We rested for a while and took the time recover our energy after we had our fill. After around two hours, we decided to proceed to our second campsite which is just a few more kilometers away. It was still early and ahead of the schedule so we decided to take it just lightly.

Continued… Tres Marias Peak 3 (Highest Peak)

Special thanks to Sir Joni Bonifacio

Sir Joni Bonifacio is a cave master and an extreme adventurer in Samar. He is one of the few people with the drive to explore and promote the natural attractions locally. Sir Joni Bonifacio is a man of adventure with a vision. His aim to promote the local tourism and his effort to achieve this is beyond compare. My sincere thanks to Sir Joni for handling my long awaited opportunity to summit the three peaks of Tres Marias.

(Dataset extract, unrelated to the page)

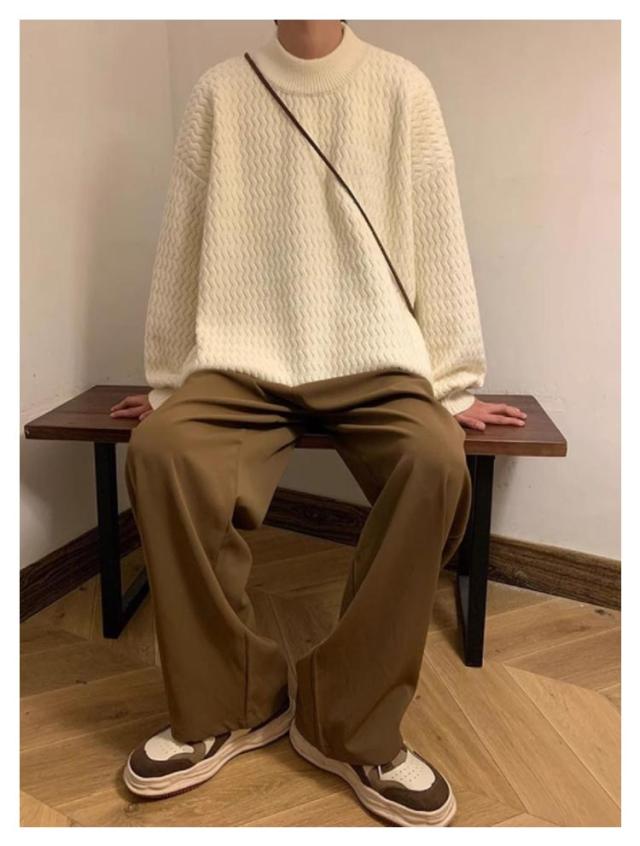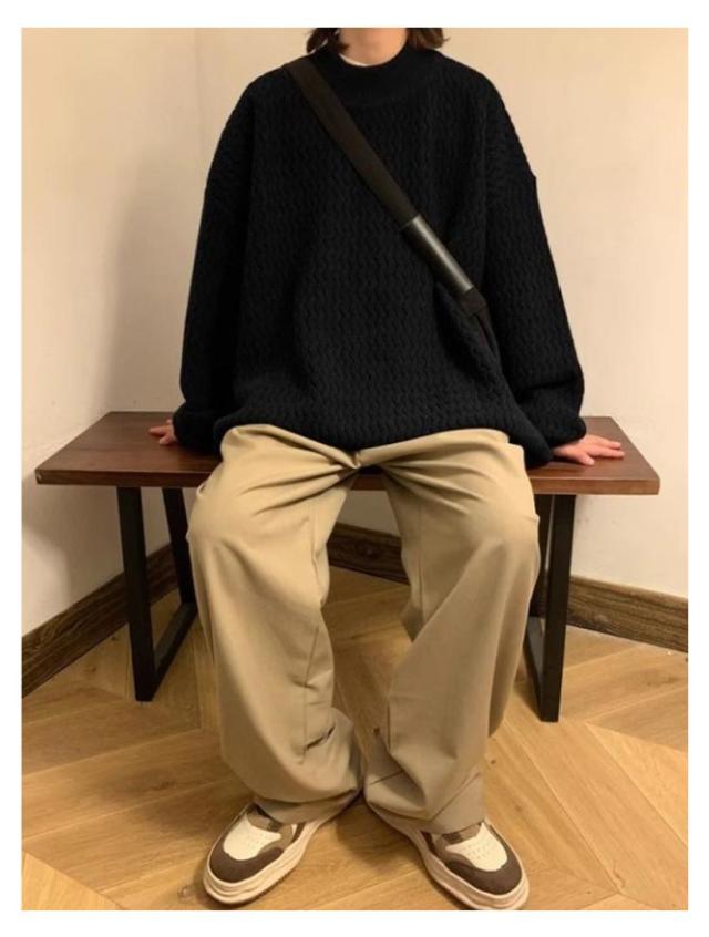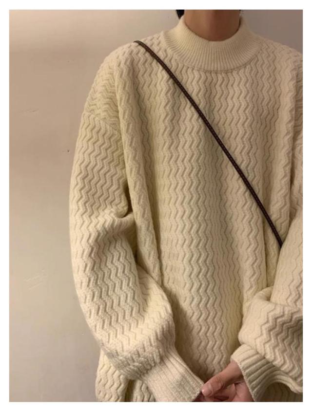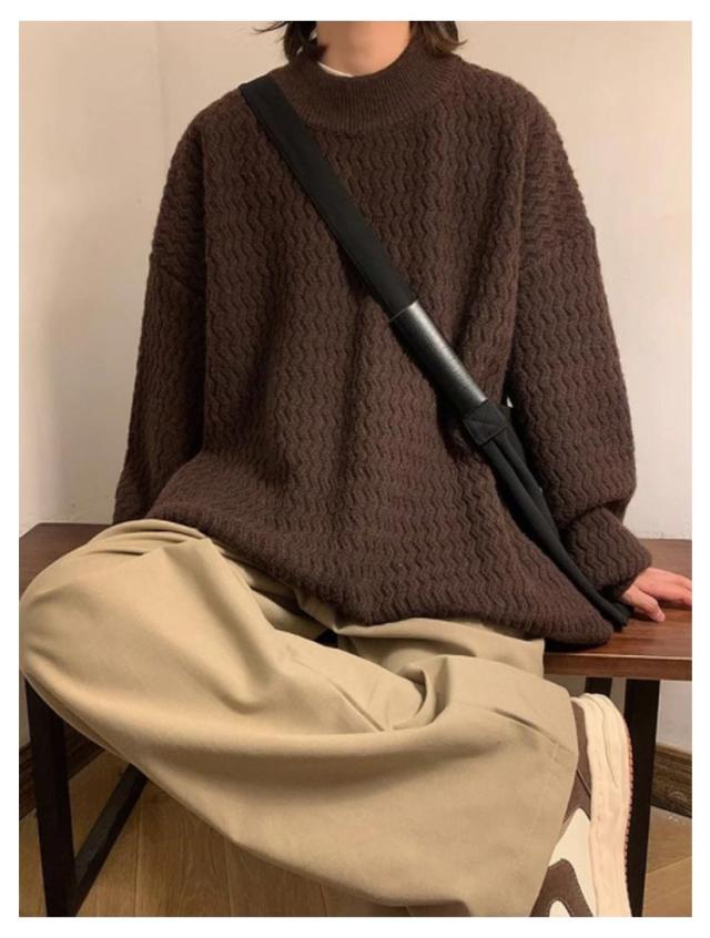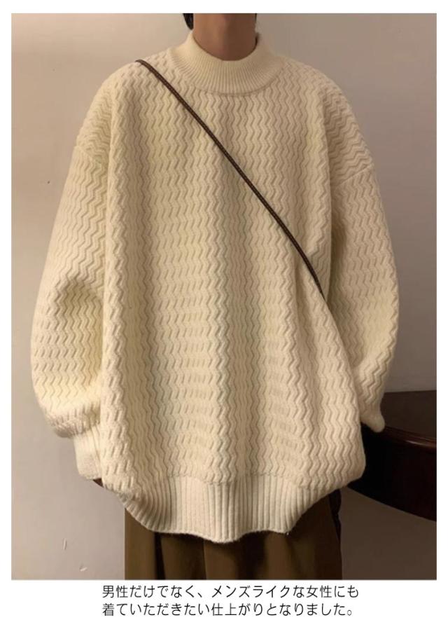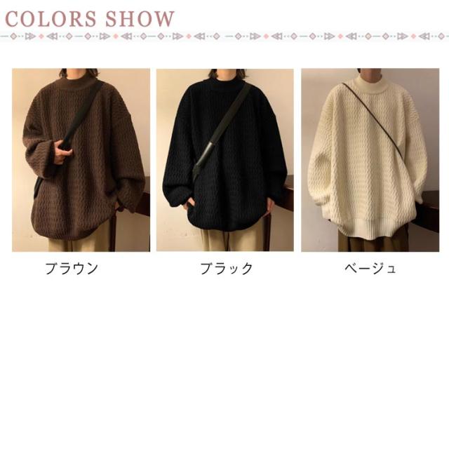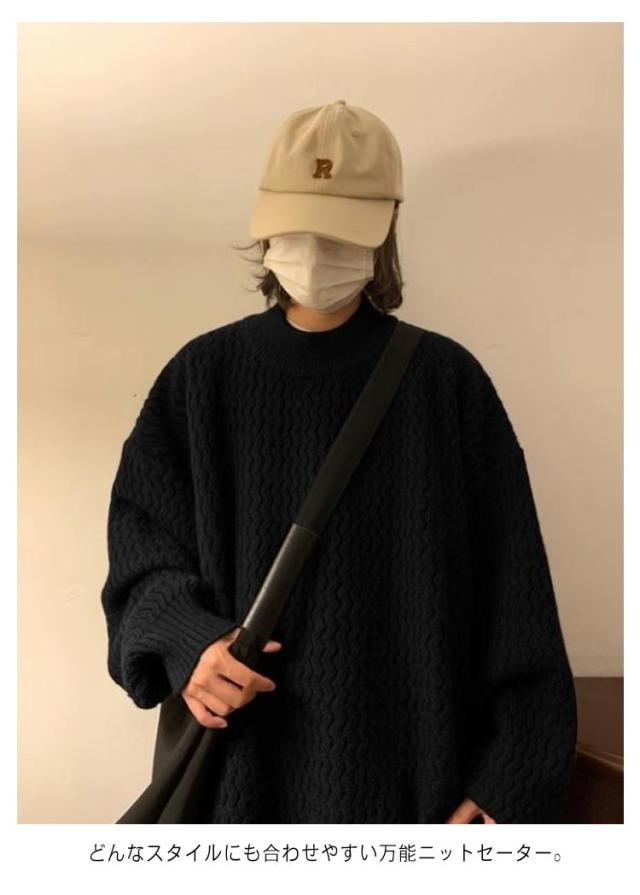 セーター ニット メンズ モックネック ヴィンテージ ゆったり オーバーサイズ ビッグシルエット ドルマン 無地 シンプル ストリート おしゃれ 秋 冬 プルオーバー ブラウン ブラック ベージュ

If you want to experience the same,

I highly recommend you contact Sir Joni Bonifacio. Here’s how and why:

  • Experienced cave master and explorer.
  • Equipped with essential gears and tools.
  • Has a network of local guides in contact.
  • Passionate about promoting the tourism.
  • Educates and orients guests on what to do and what not.
  • Equips guests with information and facts.
  • Very informative. All fun. No worries. Very accommodating.
  • You can contact him through his website:


  • There are several notes to observe when climbing a mountain. So listen attentively when an orientation is given.
  • Never litter. Be a good example of a mountaineer. 
  • Bring necessary amount of toiletries. You might be spending several days with no shower.
  • Bring enough potable water for consumption for several days. Especially if you have a sensitive stomach and cannot adapt to natural waters in the mountain.
  • Bring extra batteries for your gadgets and flashlights.
  • If you have a sensitive stomach, better be prepared with OTC medications like loperamide.
  • Lastly, enjoy and appreciate what the mountain can offer.
    • Don’t forget your souvenir pictures.
    • Surely, you’ll gain friends, self trust, and self reliance by the end of the adventure.